● Activity
In the entries below, repeat only the lines between those holding "Трубка парогенератора сделана" and "La base es el", inclusive. Leave pictures out.

● Data
[Start of section]
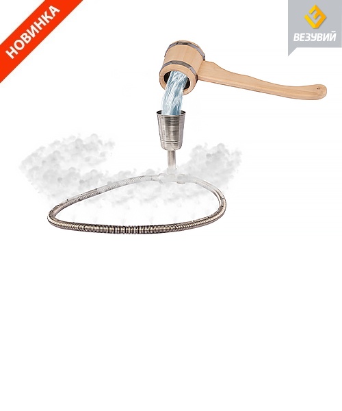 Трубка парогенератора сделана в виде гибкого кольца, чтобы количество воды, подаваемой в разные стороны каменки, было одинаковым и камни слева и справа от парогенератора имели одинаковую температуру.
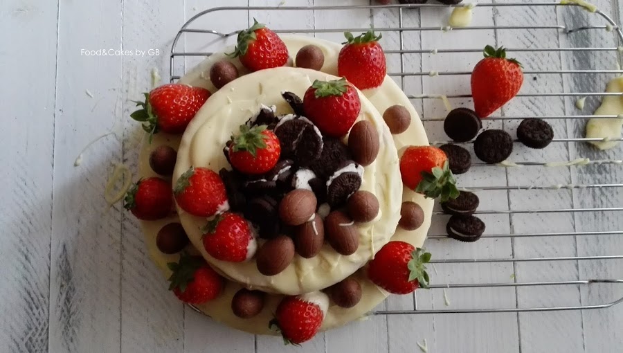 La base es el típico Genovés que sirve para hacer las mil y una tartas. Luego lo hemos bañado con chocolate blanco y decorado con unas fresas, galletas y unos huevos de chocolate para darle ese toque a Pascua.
[End of section]
[Start of section]
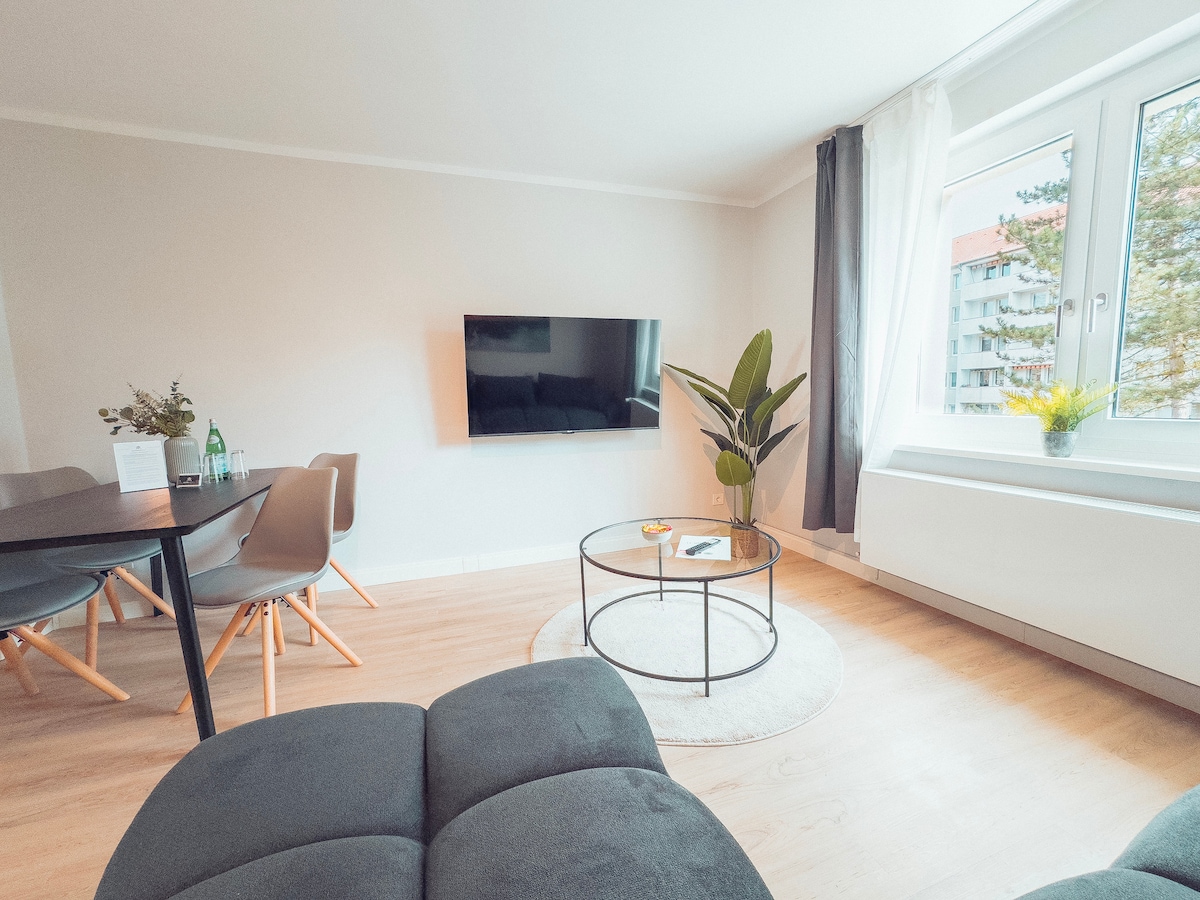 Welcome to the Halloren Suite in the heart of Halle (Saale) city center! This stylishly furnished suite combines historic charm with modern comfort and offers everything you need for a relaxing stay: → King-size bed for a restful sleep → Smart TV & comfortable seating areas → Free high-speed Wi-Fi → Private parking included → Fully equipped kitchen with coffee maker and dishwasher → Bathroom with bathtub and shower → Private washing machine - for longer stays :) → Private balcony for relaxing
[End of section]
● Task answer
 Трубка парогенератора сделана в виде гибкого кольца, чтобы количество воды, подаваемой в разные стороны каменки, было одинаковым и камни слева и справа от парогенератора имели одинаковую температуру.
 La base es el típico Genovés que sirve para hacer las mil y una tartas. Luego lo hemos bañado con chocolate blanco y decorado con unas fresas, galletas y unos huevos de chocolate para darle ese toque a Pascua.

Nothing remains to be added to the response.